INSTRUCTIONS TO FOLLOW: Give again, word for word, the lines below that run from the line with "从错误源头上找文章,貌似是 kernel" through the line with "接闪杆宜采用热浸镀锌圆钢或钢". Drop the pictures.

(DATA FOR PROCESSING Opens)

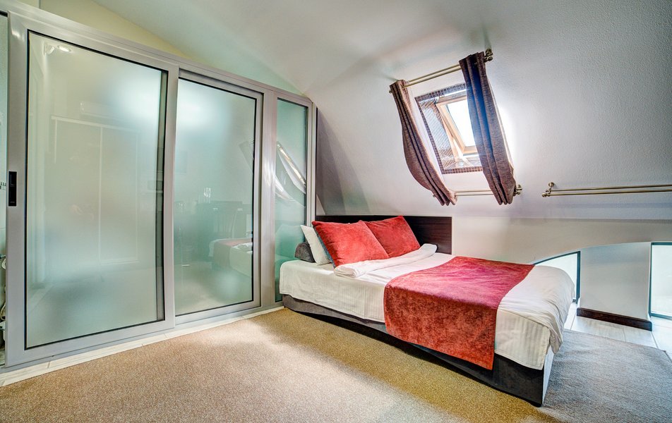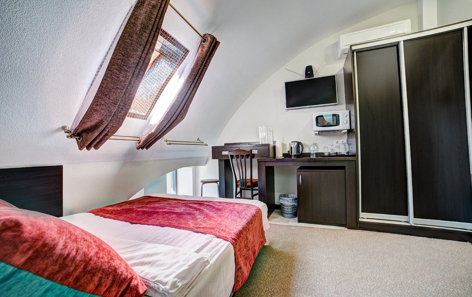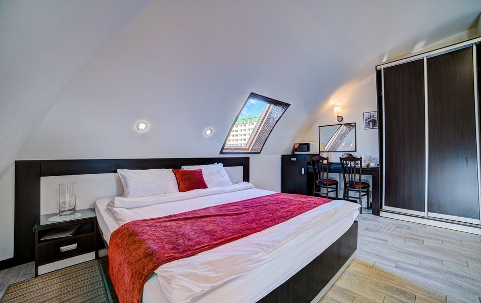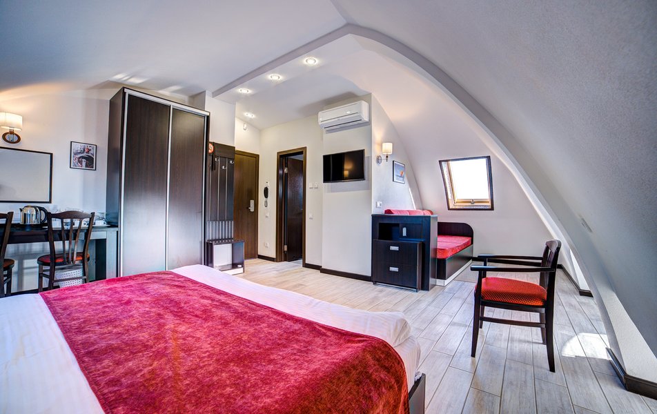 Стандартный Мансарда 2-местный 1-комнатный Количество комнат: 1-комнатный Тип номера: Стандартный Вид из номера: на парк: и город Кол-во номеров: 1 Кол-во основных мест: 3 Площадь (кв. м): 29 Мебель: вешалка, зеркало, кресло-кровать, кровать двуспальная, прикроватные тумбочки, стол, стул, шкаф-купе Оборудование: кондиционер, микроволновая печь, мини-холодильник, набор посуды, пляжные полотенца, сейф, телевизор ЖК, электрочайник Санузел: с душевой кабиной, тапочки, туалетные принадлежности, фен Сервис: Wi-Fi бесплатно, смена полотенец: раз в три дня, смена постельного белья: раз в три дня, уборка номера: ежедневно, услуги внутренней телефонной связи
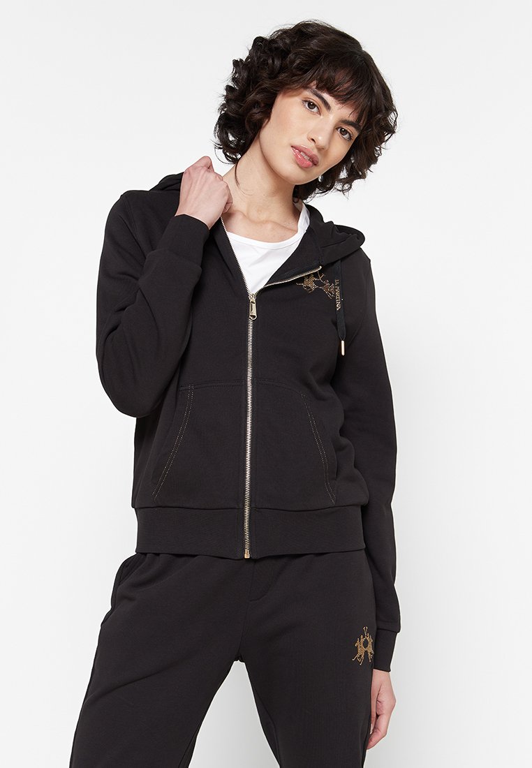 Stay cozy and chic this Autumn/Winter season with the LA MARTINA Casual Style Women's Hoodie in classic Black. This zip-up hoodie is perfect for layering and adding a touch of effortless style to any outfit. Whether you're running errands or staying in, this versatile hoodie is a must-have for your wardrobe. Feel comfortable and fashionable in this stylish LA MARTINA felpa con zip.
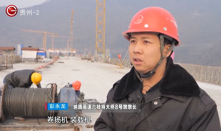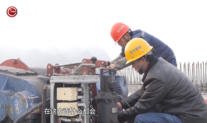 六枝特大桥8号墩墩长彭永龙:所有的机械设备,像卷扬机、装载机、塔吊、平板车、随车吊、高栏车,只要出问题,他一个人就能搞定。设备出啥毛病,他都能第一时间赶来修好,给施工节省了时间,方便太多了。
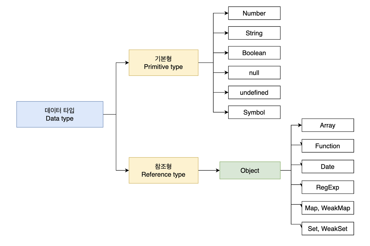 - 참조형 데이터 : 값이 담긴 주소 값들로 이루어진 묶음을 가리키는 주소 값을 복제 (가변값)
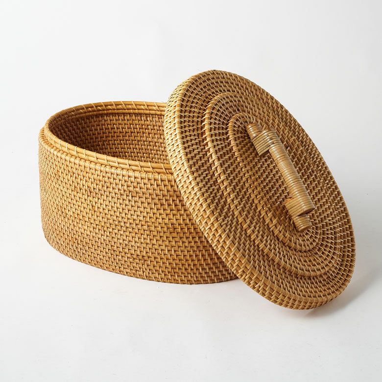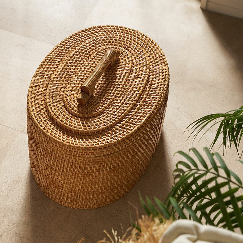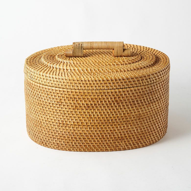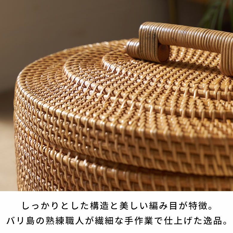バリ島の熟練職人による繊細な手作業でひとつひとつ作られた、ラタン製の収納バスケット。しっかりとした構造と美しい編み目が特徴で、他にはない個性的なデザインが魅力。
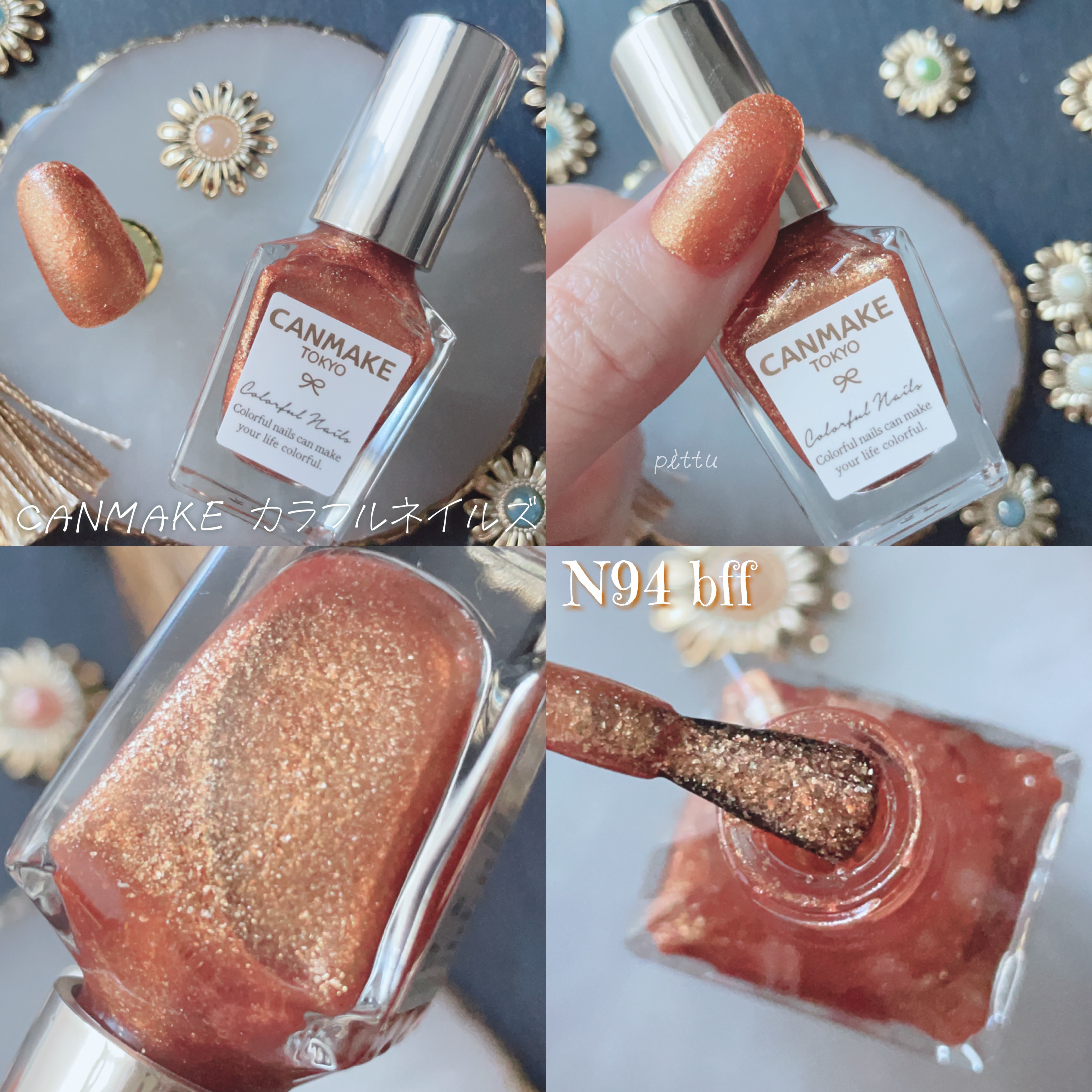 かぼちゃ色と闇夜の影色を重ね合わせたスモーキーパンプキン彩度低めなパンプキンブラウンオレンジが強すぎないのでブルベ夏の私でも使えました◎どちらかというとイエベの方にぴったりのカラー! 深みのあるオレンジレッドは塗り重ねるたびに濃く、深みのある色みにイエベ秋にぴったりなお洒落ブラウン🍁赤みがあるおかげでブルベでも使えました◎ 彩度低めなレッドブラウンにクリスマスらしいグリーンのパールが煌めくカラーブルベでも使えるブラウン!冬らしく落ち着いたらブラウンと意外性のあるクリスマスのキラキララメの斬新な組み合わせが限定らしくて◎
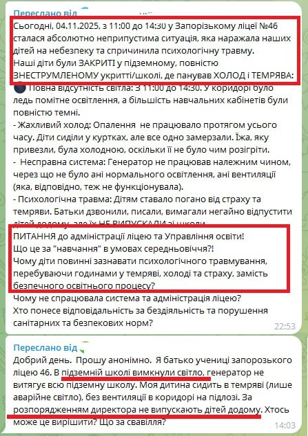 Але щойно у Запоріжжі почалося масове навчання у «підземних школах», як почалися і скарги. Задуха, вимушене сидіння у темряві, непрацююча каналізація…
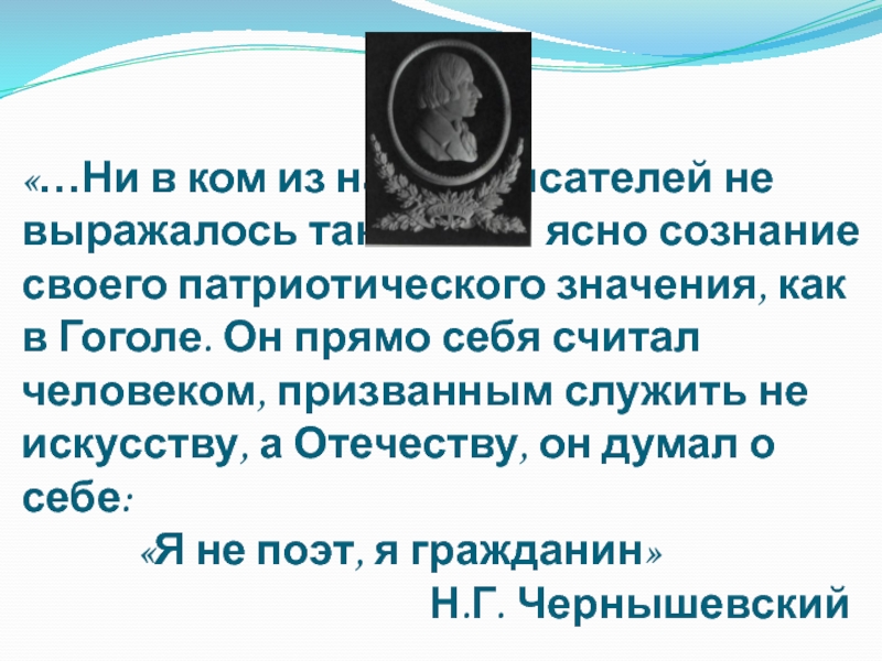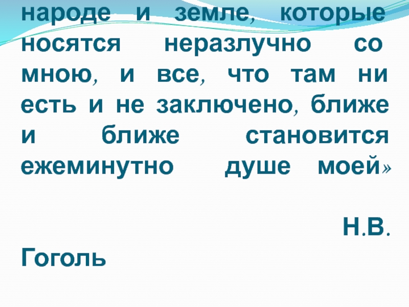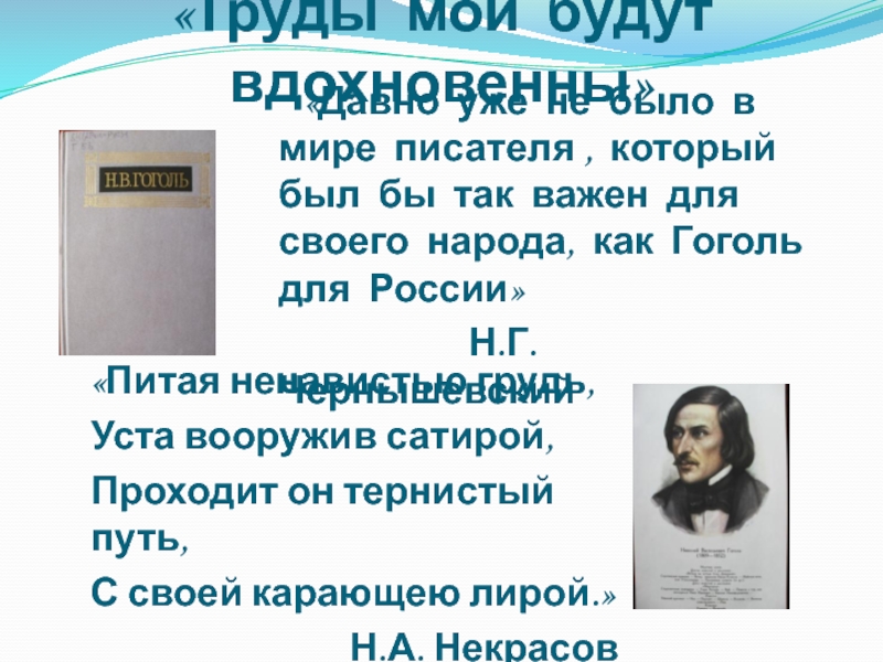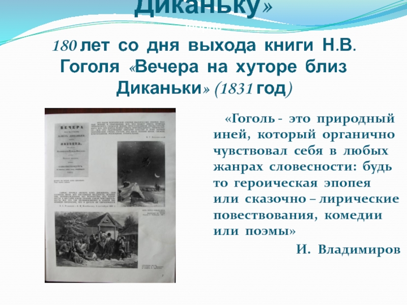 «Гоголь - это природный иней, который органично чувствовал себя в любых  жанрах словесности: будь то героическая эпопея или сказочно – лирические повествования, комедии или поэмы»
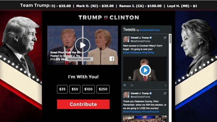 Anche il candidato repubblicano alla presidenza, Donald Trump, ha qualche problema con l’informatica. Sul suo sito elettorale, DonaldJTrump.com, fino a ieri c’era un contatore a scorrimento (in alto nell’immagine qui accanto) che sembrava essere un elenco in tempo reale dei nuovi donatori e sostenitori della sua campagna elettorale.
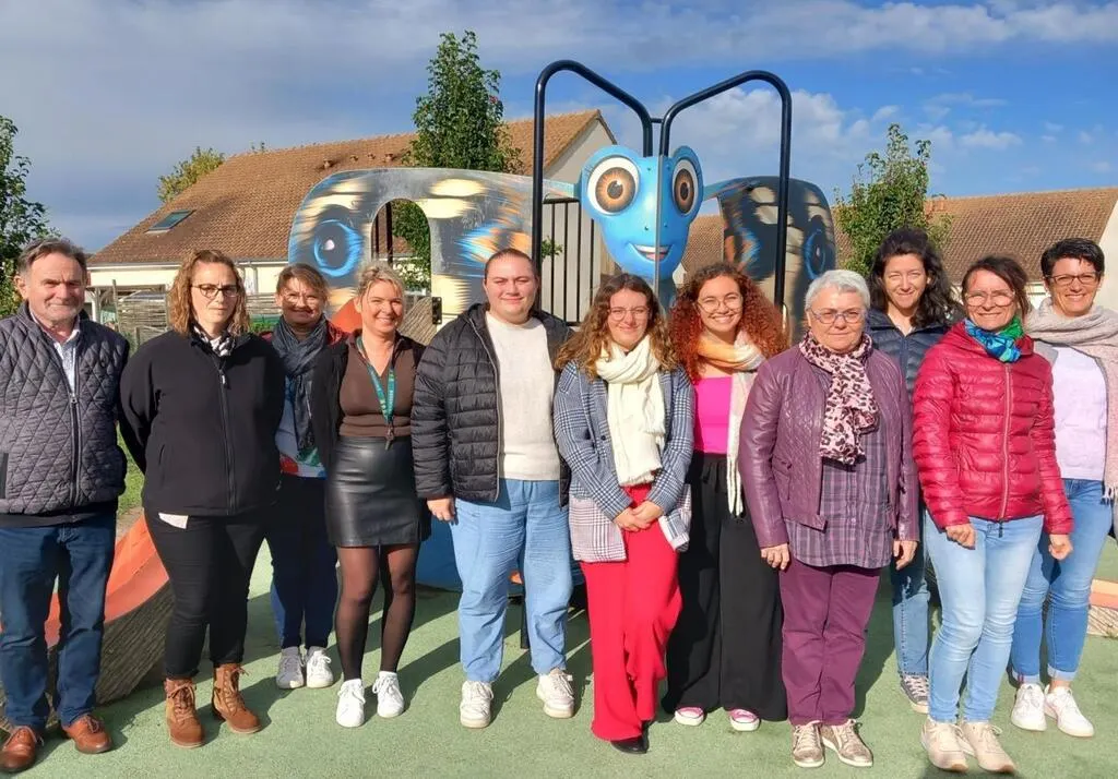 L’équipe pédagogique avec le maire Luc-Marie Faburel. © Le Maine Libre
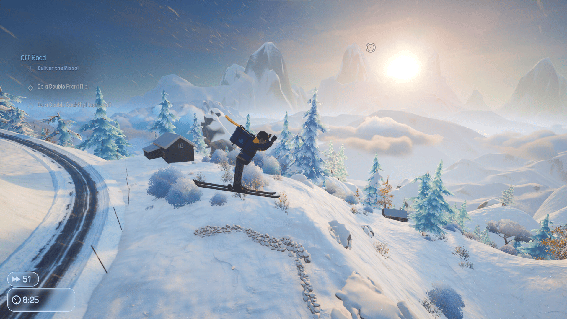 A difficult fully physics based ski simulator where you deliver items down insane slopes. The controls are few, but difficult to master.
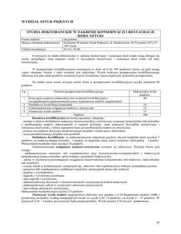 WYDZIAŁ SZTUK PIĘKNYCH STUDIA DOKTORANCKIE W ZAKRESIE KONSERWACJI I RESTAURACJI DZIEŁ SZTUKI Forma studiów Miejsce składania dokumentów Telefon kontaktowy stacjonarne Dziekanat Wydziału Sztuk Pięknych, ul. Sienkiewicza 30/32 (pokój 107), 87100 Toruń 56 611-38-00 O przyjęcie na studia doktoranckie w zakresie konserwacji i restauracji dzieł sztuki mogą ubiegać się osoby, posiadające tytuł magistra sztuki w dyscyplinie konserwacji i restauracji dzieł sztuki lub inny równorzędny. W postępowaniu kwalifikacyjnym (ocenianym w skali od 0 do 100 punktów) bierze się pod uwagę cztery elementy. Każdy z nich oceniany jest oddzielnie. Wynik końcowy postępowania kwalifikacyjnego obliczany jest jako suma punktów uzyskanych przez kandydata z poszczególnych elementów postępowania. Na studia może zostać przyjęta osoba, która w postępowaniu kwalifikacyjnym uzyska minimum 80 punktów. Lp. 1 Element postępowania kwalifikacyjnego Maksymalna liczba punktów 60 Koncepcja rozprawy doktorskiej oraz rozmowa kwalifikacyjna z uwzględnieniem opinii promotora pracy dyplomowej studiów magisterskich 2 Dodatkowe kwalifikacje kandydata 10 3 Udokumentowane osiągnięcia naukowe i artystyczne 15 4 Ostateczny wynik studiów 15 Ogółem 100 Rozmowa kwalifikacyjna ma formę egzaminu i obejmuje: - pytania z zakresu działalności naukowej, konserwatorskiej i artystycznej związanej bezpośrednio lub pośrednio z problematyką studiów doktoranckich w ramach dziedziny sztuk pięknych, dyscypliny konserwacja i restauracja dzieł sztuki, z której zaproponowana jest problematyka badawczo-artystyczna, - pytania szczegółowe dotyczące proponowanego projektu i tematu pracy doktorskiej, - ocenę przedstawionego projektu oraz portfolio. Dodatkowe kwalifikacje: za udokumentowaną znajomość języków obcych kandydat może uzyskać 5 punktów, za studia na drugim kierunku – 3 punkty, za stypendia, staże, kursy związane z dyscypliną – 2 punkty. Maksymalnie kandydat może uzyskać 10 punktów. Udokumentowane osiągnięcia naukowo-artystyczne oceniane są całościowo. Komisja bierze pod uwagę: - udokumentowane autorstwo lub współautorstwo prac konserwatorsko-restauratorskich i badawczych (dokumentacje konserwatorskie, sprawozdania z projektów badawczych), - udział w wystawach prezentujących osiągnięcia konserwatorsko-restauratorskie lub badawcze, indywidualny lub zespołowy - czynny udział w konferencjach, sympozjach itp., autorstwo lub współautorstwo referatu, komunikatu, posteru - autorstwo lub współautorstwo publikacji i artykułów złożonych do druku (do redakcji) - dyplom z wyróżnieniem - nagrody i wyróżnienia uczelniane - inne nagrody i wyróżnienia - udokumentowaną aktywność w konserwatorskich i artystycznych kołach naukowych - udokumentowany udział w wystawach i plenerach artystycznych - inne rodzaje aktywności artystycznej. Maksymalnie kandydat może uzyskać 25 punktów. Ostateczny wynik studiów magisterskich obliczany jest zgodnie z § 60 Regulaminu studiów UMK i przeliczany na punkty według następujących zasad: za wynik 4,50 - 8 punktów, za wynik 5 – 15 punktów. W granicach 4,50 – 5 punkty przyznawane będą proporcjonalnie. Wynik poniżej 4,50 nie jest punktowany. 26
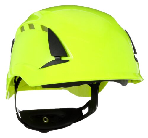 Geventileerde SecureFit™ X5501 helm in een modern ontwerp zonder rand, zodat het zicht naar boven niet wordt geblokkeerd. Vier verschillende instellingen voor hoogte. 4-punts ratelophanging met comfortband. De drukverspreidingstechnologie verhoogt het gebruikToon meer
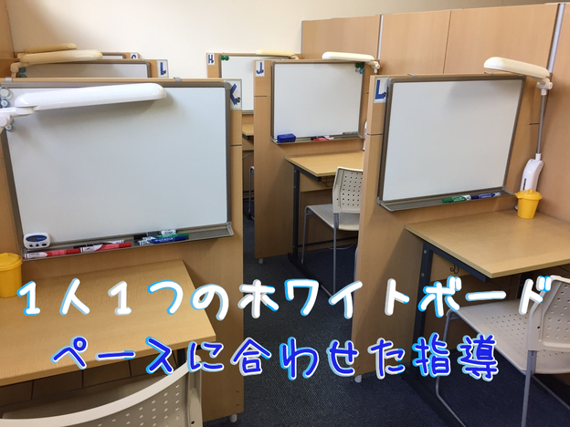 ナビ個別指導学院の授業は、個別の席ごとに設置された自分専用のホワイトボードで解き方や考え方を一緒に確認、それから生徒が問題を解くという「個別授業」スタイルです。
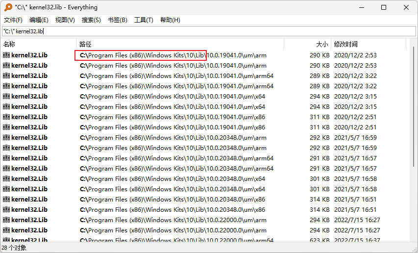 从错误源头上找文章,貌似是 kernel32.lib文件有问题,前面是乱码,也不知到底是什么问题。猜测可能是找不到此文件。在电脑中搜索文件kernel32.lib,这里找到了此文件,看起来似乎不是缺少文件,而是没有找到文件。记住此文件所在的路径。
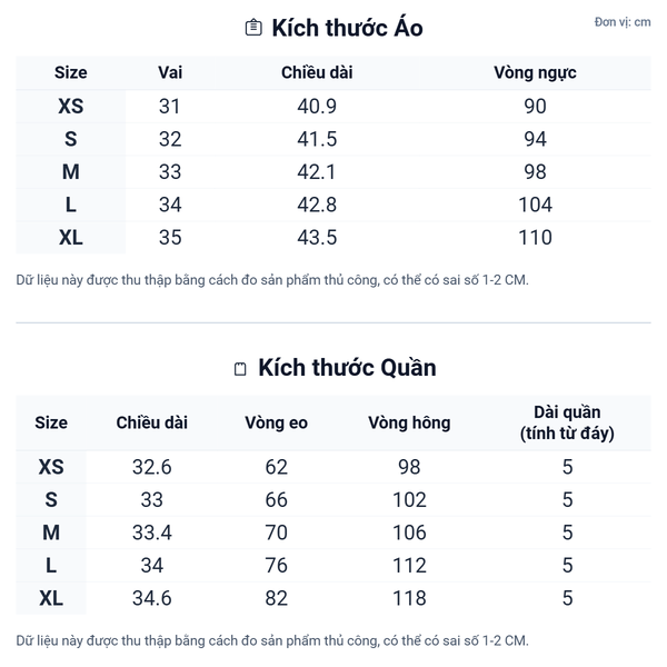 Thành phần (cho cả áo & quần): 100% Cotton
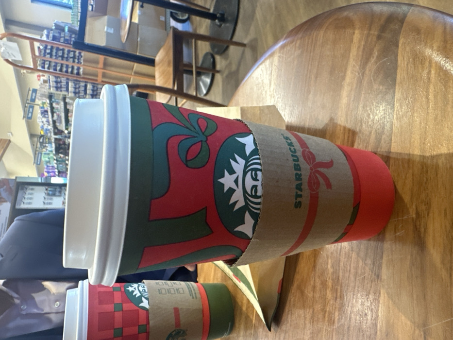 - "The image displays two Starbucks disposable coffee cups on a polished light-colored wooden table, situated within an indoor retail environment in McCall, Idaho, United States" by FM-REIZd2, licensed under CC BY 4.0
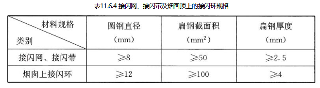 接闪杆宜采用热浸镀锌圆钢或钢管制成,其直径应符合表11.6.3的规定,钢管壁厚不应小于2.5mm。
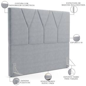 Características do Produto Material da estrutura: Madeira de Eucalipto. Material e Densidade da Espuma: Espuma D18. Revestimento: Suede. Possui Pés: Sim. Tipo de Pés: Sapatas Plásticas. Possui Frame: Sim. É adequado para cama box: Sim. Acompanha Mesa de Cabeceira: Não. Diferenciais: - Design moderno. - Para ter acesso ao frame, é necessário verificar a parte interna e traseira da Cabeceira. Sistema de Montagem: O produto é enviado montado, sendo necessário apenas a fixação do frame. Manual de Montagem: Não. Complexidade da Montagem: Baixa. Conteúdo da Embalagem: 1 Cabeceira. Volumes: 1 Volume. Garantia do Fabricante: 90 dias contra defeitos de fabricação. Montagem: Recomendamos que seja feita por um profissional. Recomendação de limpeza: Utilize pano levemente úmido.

(DATA FOR PROCESSING Closes)

EXERCISE SOLUTION:
 从错误源头上找文章,貌似是 kernel32.lib文件有问题,前面是乱码,也不知到底是什么问题。猜测可能是找不到此文件。在电脑中搜索文件kernel32.lib,这里找到了此文件,看起来似乎不是缺少文件,而是没有找到文件。记住此文件所在的路径。
 Thành phần (cho cả áo & quần): 100% Cotton
 - "The image displays two Starbucks disposable coffee cups on a polished light-colored wooden table, situated within an indoor retail environment in McCall, Idaho, United States" by FM-REIZd2, licensed under CC BY 4.0
 接闪杆宜采用热浸镀锌圆钢或钢管制成,其直径应符合表11.6.3的规定,钢管壁厚不应小于2.5mm。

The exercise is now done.